* THE PROBLEM: Begin with the line where "- HALAL & KOSHER" appears. Set down that line and the rest of the records below it exactly as given.
--------
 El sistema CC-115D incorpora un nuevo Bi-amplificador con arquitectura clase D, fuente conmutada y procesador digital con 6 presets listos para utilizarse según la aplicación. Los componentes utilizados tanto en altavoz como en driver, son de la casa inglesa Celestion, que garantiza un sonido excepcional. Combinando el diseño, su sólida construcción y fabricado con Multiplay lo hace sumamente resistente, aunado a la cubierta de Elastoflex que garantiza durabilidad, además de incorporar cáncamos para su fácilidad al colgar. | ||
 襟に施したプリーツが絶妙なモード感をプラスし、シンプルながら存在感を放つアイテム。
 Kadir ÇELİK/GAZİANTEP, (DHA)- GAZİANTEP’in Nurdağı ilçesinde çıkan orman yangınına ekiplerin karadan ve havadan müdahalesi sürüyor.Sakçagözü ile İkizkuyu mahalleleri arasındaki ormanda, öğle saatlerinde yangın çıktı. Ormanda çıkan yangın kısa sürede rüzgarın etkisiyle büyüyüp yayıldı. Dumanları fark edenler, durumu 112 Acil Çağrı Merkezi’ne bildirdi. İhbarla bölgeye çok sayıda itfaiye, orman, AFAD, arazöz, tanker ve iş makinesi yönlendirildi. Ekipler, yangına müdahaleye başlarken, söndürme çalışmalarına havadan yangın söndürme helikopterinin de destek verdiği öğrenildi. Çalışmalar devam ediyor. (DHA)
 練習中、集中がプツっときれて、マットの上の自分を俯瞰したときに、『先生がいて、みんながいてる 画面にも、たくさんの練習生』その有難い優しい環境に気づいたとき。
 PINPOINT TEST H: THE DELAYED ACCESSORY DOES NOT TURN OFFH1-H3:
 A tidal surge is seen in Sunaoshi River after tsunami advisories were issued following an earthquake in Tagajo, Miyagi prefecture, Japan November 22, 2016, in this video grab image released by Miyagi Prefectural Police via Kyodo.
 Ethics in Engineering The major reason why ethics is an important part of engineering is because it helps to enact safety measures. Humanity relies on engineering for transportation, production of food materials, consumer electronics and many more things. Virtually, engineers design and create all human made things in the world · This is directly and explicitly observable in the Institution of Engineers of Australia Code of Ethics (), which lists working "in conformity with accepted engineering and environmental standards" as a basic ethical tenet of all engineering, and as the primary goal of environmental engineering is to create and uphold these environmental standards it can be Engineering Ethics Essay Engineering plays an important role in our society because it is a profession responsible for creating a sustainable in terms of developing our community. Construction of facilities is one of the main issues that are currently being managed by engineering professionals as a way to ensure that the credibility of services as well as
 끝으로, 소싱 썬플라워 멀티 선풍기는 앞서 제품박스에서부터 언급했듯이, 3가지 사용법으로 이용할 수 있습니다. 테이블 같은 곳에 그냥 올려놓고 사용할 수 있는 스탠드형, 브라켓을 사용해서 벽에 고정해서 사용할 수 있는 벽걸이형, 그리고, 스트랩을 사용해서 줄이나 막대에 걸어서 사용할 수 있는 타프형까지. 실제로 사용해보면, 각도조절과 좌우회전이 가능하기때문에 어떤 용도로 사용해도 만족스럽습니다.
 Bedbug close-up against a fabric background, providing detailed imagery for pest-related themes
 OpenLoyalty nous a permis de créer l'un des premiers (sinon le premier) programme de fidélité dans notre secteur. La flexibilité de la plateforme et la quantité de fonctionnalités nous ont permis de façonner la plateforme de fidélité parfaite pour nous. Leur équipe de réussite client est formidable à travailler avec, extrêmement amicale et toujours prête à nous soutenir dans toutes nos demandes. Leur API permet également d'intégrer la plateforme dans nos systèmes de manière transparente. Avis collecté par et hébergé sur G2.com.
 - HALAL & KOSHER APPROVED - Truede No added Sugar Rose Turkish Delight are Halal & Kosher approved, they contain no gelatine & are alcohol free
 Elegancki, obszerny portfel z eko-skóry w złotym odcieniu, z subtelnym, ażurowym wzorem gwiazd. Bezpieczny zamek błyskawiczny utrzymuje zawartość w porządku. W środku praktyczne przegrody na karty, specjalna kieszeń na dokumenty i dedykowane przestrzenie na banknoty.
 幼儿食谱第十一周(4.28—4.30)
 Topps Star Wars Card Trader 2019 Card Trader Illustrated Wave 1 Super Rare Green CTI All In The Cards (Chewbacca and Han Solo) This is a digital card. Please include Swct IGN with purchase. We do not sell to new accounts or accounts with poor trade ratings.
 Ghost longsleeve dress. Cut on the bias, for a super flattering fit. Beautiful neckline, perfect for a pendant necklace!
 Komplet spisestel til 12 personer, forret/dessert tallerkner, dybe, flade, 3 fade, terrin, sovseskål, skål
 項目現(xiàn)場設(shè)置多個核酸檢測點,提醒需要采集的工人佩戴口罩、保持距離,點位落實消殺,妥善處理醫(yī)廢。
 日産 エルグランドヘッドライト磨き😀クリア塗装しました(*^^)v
--------
* REPLY:
 - HALAL & KOSHER APPROVED - Truede No added Sugar Rose Turkish Delight are Halal & Kosher approved, they contain no gelatine & are alcohol free
 Elegancki, obszerny portfel z eko-skóry w złotym odcieniu, z subtelnym, ażurowym wzorem gwiazd. Bezpieczny zamek błyskawiczny utrzymuje zawartość w porządku. W środku praktyczne przegrody na karty, specjalna kieszeń na dokumenty i dedykowane przestrzenie na banknoty.
 幼儿食谱第十一周(4.28—4.30)
 Topps Star Wars Card Trader 2019 Card Trader Illustrated Wave 1 Super Rare Green CTI All In The Cards (Chewbacca and Han Solo) This is a digital card. Please include Swct IGN with purchase. We do not sell to new accounts or accounts with poor trade ratings.
 Ghost longsleeve dress. Cut on the bias, for a super flattering fit. Beautiful neckline, perfect for a pendant necklace!
 Komplet spisestel til 12 personer, forret/dessert tallerkner, dybe, flade, 3 fade, terrin, sovseskål, skål
 項目現(xiàn)場設(shè)置多個核酸檢測點,提醒需要采集的工人佩戴口罩、保持距離,點位落實消殺,妥善處理醫(yī)廢。
 日産 エルグランドヘッドライト磨き😀クリア塗装しました(*^^)v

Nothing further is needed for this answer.